# YCQL Intermediate Development Lab

In this lab, you will learn about how to use indexes to optimize the data model, validate data, and improve the query performance. First, you will learn how to measure the performance of queries, then you will learn how to create indexes to make the queries more efficient and performant at scale.

## Setup steps
Here are the steps to setup this lab:
- Import the notebook variables
- Create the `db_ybu` database
- Import the sql scripts

### Import the notebook variables 

The following Python cell creates and stores variables that all the notebooks in this lab will use. You can view these variables in the Jupyter tab.

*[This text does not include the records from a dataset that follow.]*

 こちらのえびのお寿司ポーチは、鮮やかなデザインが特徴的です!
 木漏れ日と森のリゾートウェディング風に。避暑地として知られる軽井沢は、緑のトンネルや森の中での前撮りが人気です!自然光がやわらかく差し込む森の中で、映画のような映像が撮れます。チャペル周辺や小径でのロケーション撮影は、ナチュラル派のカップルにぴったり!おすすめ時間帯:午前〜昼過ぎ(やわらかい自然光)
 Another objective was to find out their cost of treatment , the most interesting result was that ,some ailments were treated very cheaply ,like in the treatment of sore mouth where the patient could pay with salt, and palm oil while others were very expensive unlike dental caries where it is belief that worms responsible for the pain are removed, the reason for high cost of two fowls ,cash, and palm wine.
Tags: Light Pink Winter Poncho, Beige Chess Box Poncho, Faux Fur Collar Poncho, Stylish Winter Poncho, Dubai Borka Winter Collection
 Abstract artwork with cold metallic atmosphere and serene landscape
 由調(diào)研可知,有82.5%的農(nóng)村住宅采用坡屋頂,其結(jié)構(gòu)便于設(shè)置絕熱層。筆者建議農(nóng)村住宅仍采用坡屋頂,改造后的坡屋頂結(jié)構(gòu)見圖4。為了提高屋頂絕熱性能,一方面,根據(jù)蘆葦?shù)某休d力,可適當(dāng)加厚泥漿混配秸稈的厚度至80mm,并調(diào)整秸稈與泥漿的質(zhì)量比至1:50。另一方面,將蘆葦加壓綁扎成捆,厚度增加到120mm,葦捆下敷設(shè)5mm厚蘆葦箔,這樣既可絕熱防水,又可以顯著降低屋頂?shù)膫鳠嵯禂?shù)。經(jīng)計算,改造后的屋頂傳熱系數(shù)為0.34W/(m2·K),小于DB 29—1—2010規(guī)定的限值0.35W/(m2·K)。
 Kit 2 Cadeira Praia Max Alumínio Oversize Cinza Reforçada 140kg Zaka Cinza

- To run the script, select Execute Cell (Play Arrow) in the left gutter of the cell.
- Verify the accuracy of the output values

In [None]:
%store -r MY_DB_NAME
%store -r MY_YB_PATH
%store -r MY_GITPOD_WORKSPACE_URL
%store -r MY_HOST_IPv4_01
%store -r MY_HOST_IPv4_02
%store -r MY_HOST_IPv4_03
%store -r MY_NOTEBOOK_DIR
%store -r MY_TSERVER_WEBSERVER_PORT
%store -r MY_NOTEBOOK_DATA_FOLDER
%store -r MY_DATA_DDL_FILE
%store -r MY_DATA_DML_FILE

Stored 'MY_DB_NAME' (str)
Stored 'MY_YB_PATH' (str)
Stored 'MY_GITPOD_WORKSPACE_URL' (NoneType)
Stored 'MY_HOST_IPv4_01' (str)
Stored 'MY_HOST_IPv4_02' (str)
Stored 'MY_HOST_IPv4_03' (str)
Stored 'MY_NOTEBOOK_DIR' (str)
Stored 'MY_TSERVER_WEBSERVER_PORT' (str)
Stored 'MY_NOTEBOOK_DATA_FOLDER' (str)


UsageError: Unknown variable 'MY_NOTEBOOK_UTILS_FOLDER'


## Implement the Data Model
This section will create and populate the keyspace with the tables and data that was described for the wish list data model discussed in the YCQL development module.

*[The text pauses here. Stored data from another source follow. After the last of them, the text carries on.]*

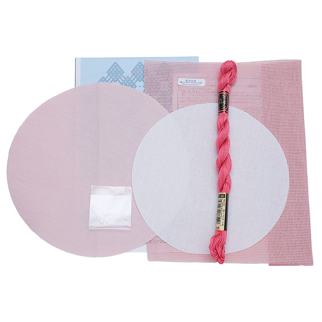 キット内容はこぎん布、こぎん糸、接着芯、裏布、ビーズです。接着芯はそのまま使えるように円形に裁断済みです。とても作りやすいキットになっています。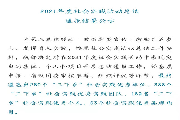(通讯员 胡娟)12月10日,共青团中央青年发展部公示2021年度社会实践活动通报结果,公司团委获评“三下乡”社会实践优秀单位。为深入总结经验、做好典型宣传、激励广泛参与、发挥育人实效,共青团中央青年发展部决定对在2021年度社会实践活动中表现突出的集体、个人和项目开展总结通报工作。据悉,在此次总结通报工作中,经基层申报、省级团委审核推荐、组织评议等环节,最终全国遴选出289个“三下乡”社会实践优秀单位。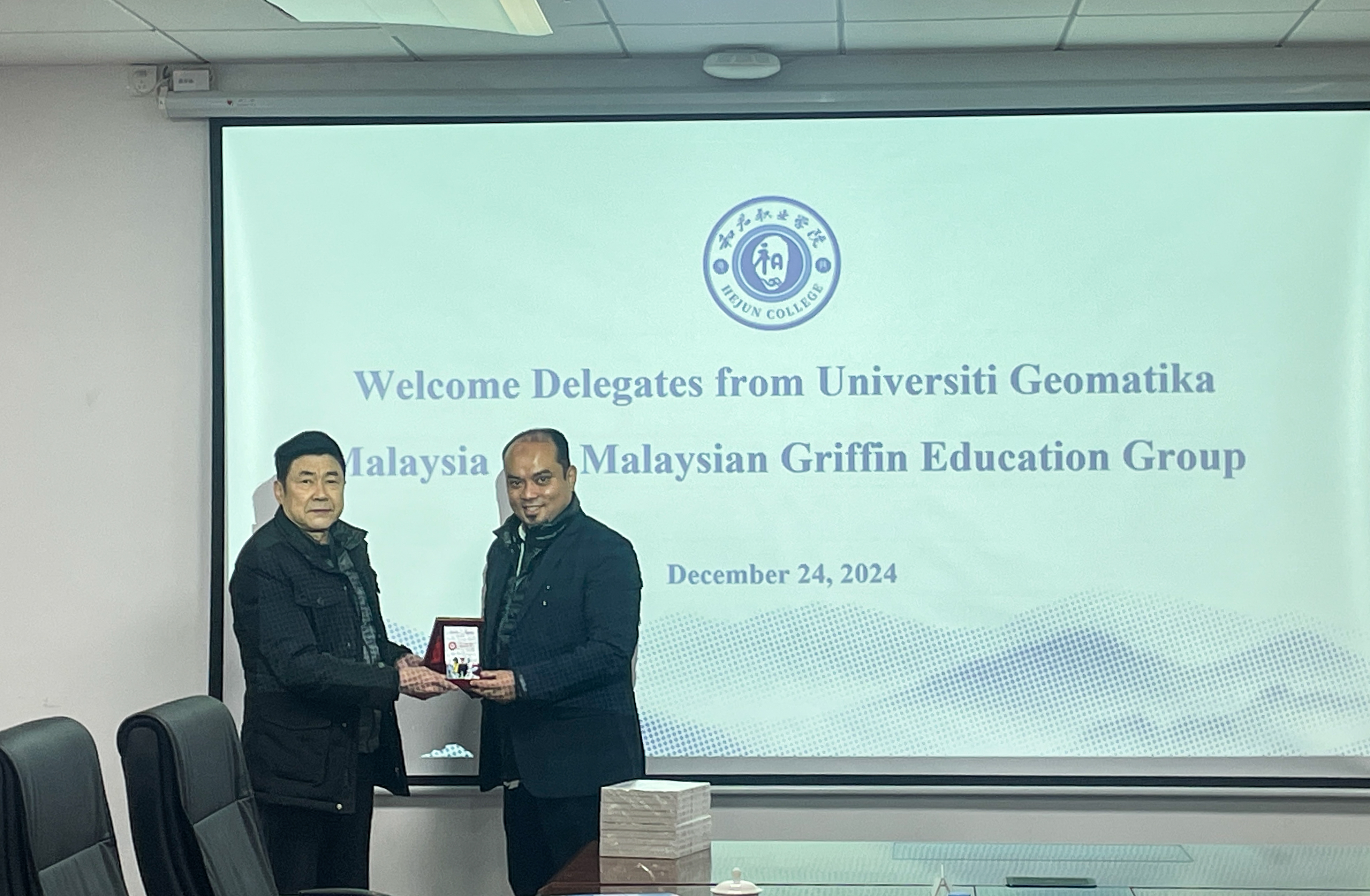12月24日,马来西亚测绘大学(Universiti Teknologi Malaysia)副校长Mazrin教授和马来西亚格里芬教育集团(Malaysian Griffin Education Group)执行董事林思明访问我校,理事长李兴💛↪️、校长赖章盛🦶🏽、副校长丁立梅以及相关职能部门负责人会见来宾,并就双方合作办学进行座谈交流🥌。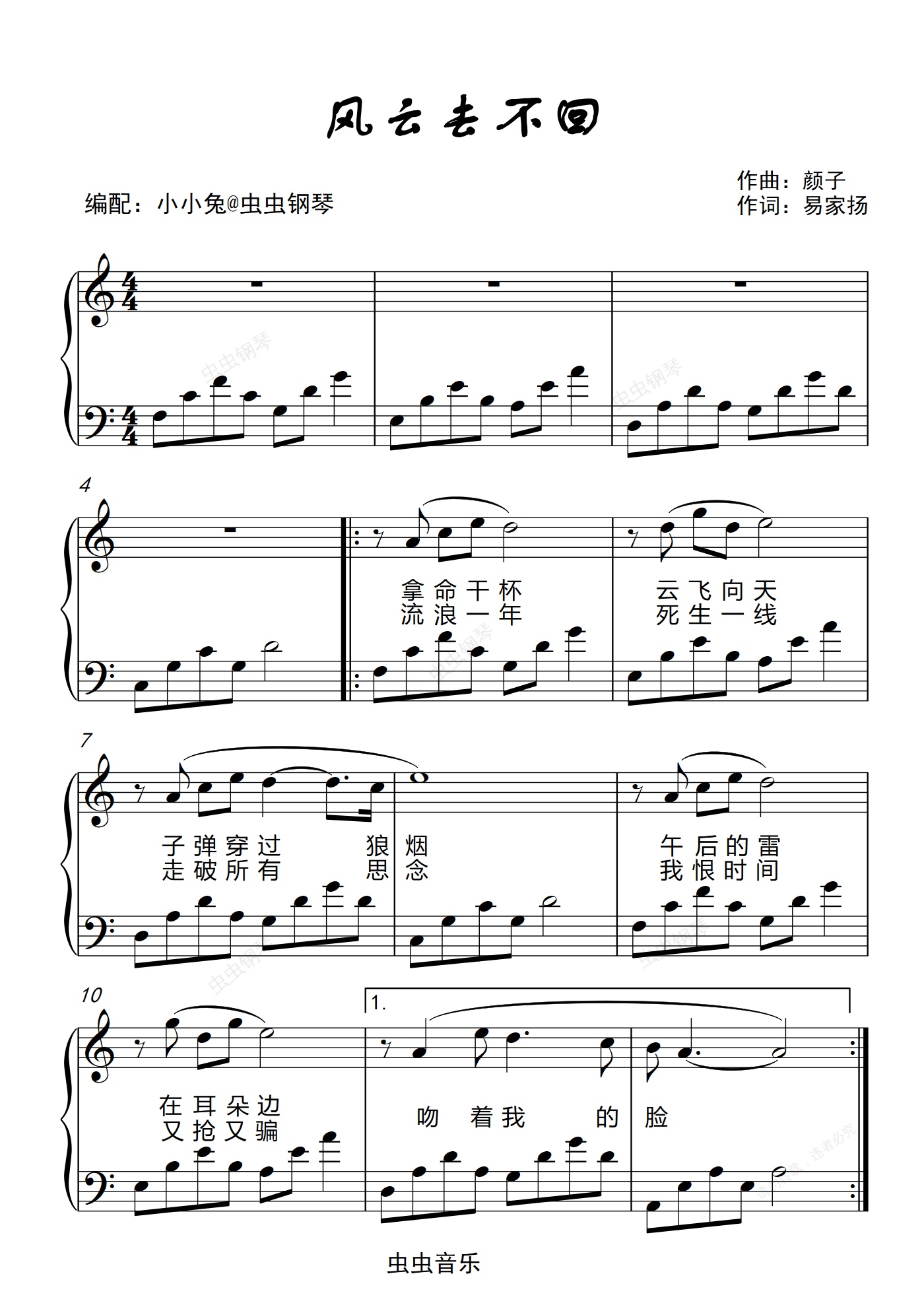 钢琴谱:风云去不回 战狼2 C调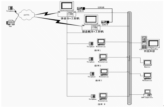 在一些小型CALL CENTER系統(tǒng)中,人們通常通過語音板卡加工控機(jī)的方式搭建系統(tǒng),通常一臺設(shè)備就集成了ACD、IVR、CTI等各種資源,各資源的使用、調(diào)派通過軟件進(jìn)行控制,有效的解決了建設(shè)成本高、系統(tǒng)構(gòu)造繁復(fù)的問題,具有相當(dāng)?shù)撵`活性。然而由于工控機(jī)和語音板卡容量有限,同時其標(biāo)準(zhǔn)最多只能是工業(yè)級標(biāo)準(zhǔn),因此在構(gòu)建相對大型的呼叫中心時就總是捉襟見肘。為了增加系統(tǒng)容量,解決多臺PC之間進(jìn)行通道交換的難題,人們又設(shè)計了過機(jī)卡和過機(jī)線來解決,其應(yīng)用系統(tǒng)如下圖: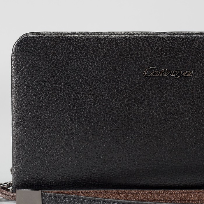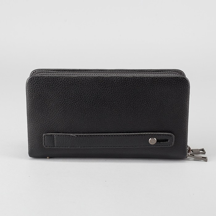Клатч мужской на молнии, 2 отдела, ручка, хлястик, цвет чёрный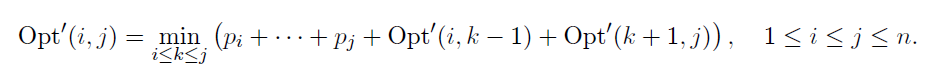 Opt(i, j) 를 i번째 행렬부터 j번째 행렬까지 곱한 최적의 (최소의) 연산량이라고 할 때, 그 값은 위와 같이 구할 수 있다.

### Create Keyspace: db_ybu
Run the following cell to execute the following operations.
* Change into the Yugabyte directory that contains the ycqlsh script that will allow a connection to the YCQL shell. 
* Drop the keyspace, `db_ybu`, if it exists.
* Create the keyspace, `db_ybu`.  
* Connect to the `db_ybu` keyspace.
* Describe the keyspace, `db_ybu`, to verify the keyspace was created correctly.

In [None]:
%%bash -s "$MY_YB_PATH" "$MY_DB_NAME"  # Import file path of Yugabyte and DB name
YB_PATH=${1}
DB_NAME=${2}

cd $YB_PATH

# Drop keyspace
./bin/ycqlsh --execute "
  DROP KEYSPACE IF EXISTS "${DB_NAME}";
"
 
# Create keyspace
./bin/ycqlsh --execute "
  CREATE KEYSPACE "${DB_NAME}";
" 

# Connect to keyspace
./bin/ycqlsh --execute "
  USE "${DB_NAME}";
"

# List keyspaces, validate keyspace creation
./bin/ycqlsh --execute "
  DESCRIBE keyspaces
"

# List keyspaces, validate keyspace creation
./bin/ycqlsh --execute "
  DESCRIBE "${DB_NAME}"
"

In the preceeding cell, the YCQL shell was accessed using `ycqlsh` to create the YCQL shell to access the YCQL keyspace. Once connected YCQL shell, the DDL, DML, and shell commands can create, connect, and describe  keyspaces and tables. The `USE` keyword assigns the active keyspace. The `DESCRIBE` is used to list all the available keyspaces in the cluster as well as describe a particular keyspace to display the schema of the tables.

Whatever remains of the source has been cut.